DATA
- Opening Delimiter -

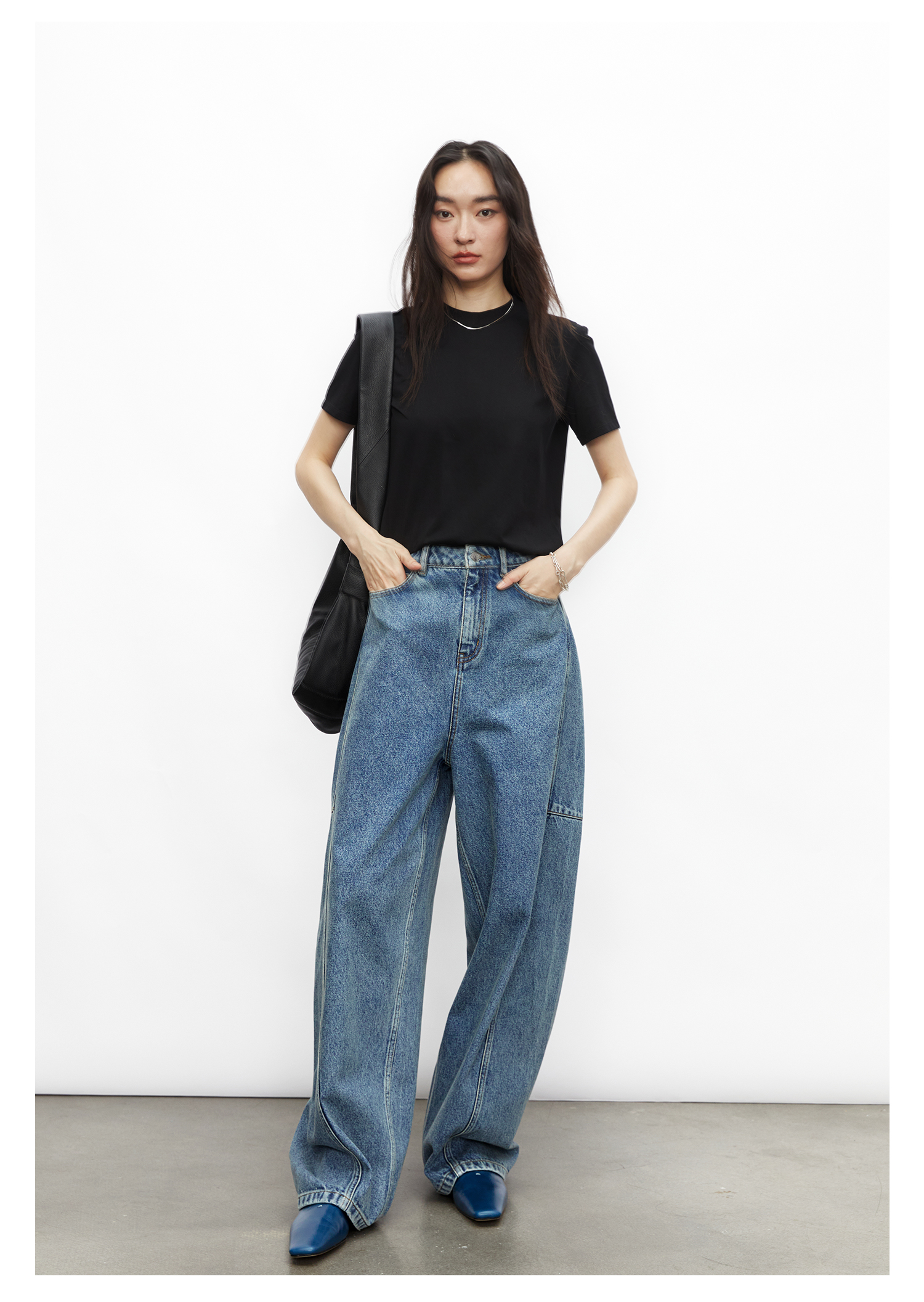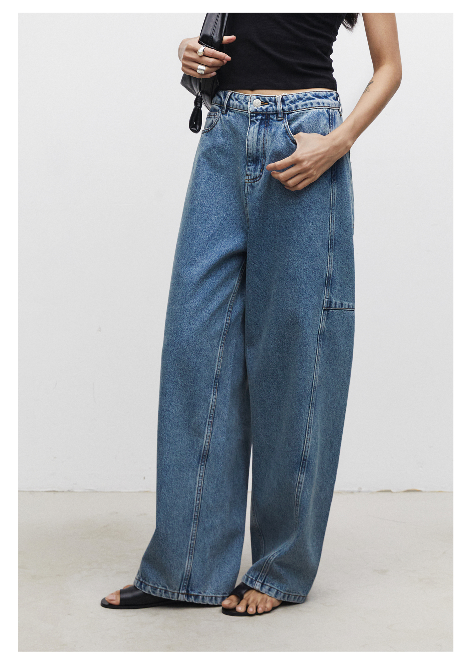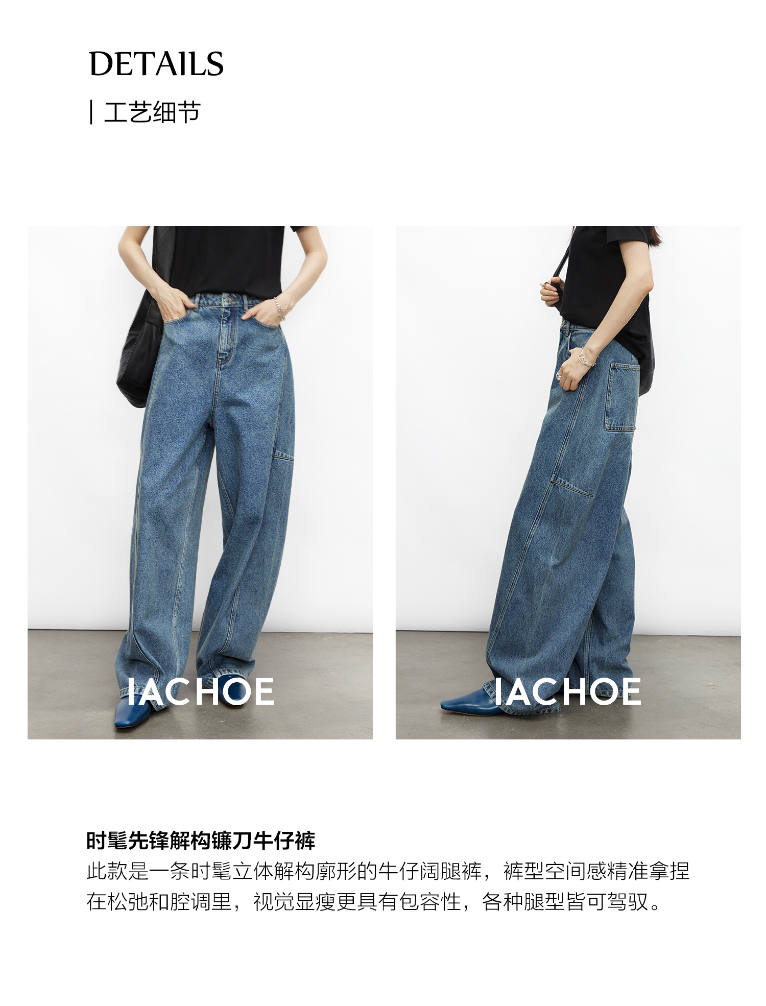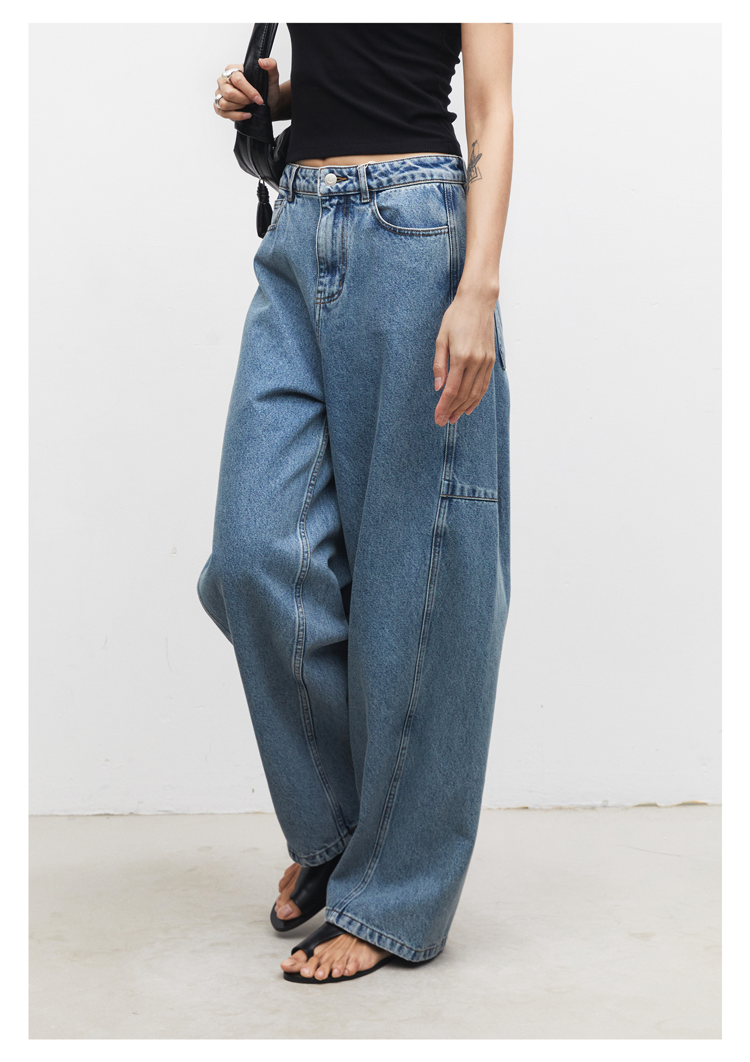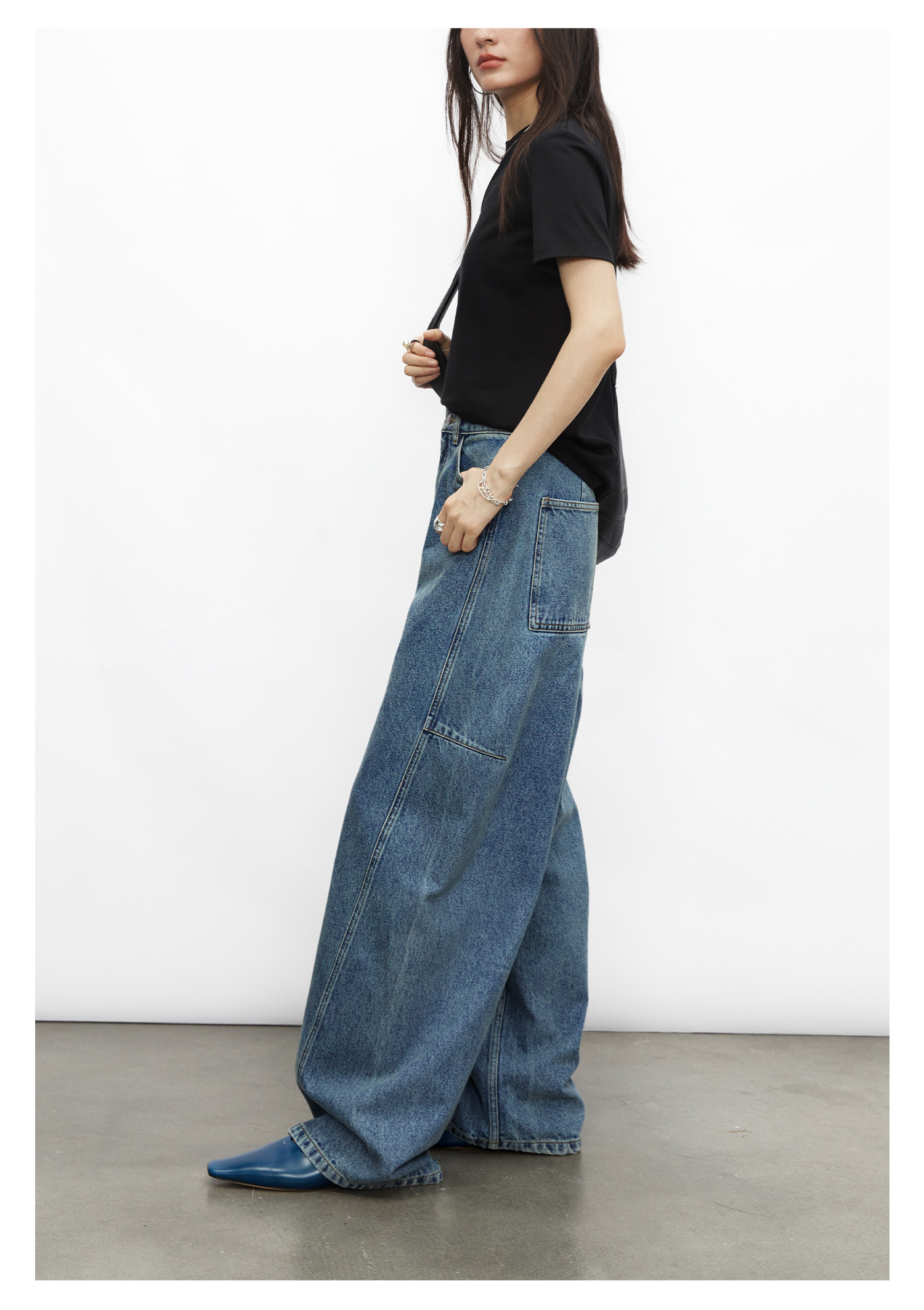 棉仓3531519007-秋季分割切线重设计感气球裤牛仔裤 显瘦宽松阔腿裤女(
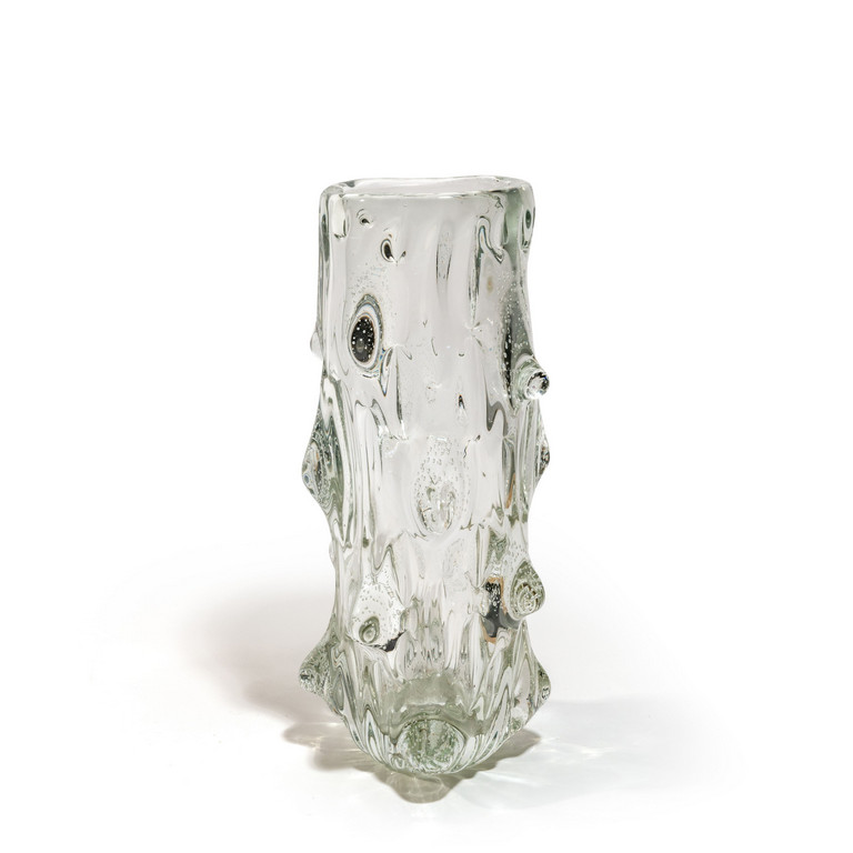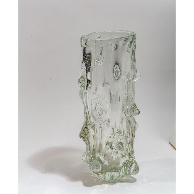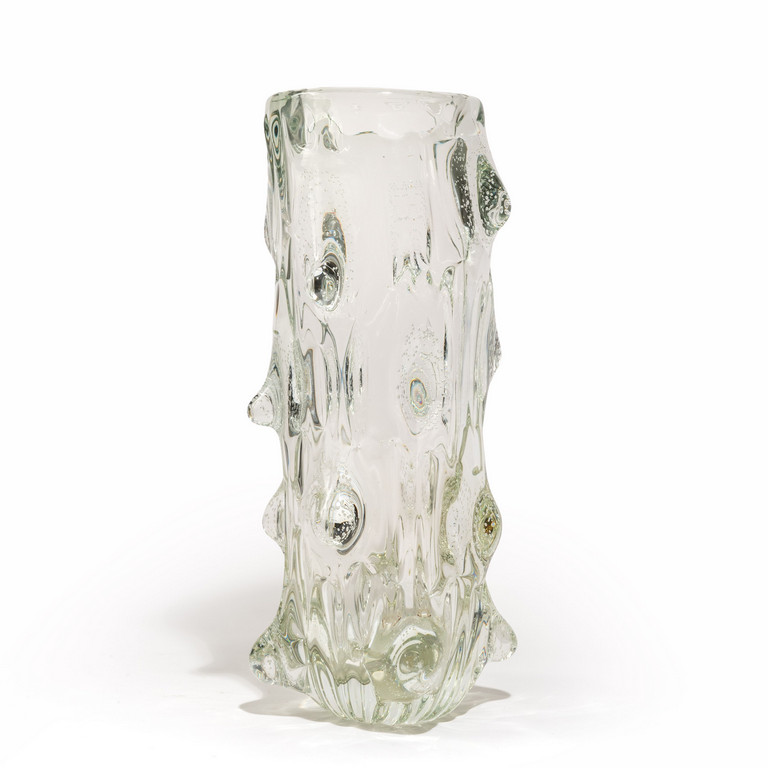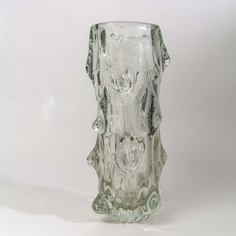 Un vaso 'mugnoni' in cristallo decorato da grossi rilievi con bolle d'aria.
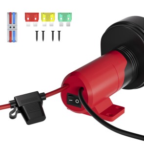 Engineered for reliable custom applications, this M12 adapter features durable ABS construction, heavy-duty 12 AWG silicone wiring, an accessible power switch, and included blade fuses for enhanced safety.
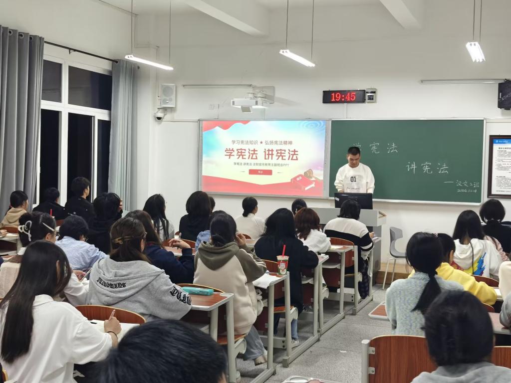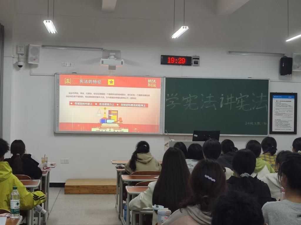 本次活动内容主要围绕宪法知识讲解、宪法知识问答和《宪法伴我们成长》大合唱开展,形式多样,内容丰富。在宪法知识讲解中,同学们认真学习,提升个人的法治素养,强化自身宪法意识;在宪法知识答题中,同学们积极参与“宪法卫士”网络法治知识学习测评,巩固所学内容;全体学生合唱歌曲《宪法伴我们成长》,在优美的歌曲旋律下,领悟宪法精神与内涵。

- Closing Delimiter -

TASK TO CARRY OUT
From the first line to the last, give the data again exactly, but without pictures.

SOLUTION TO THIS TASK
 棉仓3531519007-秋季分割切线重设计感气球裤牛仔裤 显瘦宽松阔腿裤女(
 Un vaso 'mugnoni' in cristallo decorato da grossi rilievi con bolle d'aria.
 Engineered for reliable custom applications, this M12 adapter features durable ABS construction, heavy-duty 12 AWG silicone wiring, an accessible power switch, and included blade fuses for enhanced safety.
 本次活动内容主要围绕宪法知识讲解、宪法知识问答和《宪法伴我们成长》大合唱开展,形式多样,内容丰富。在宪法知识讲解中,同学们认真学习,提升个人的法治素养,强化自身宪法意识;在宪法知识答题中,同学们积极参与“宪法卫士”网络法治知识学习测评,巩固所学内容;全体学生合唱歌曲《宪法伴我们成长》,在优美的歌曲旋律下,领悟宪法精神与内涵。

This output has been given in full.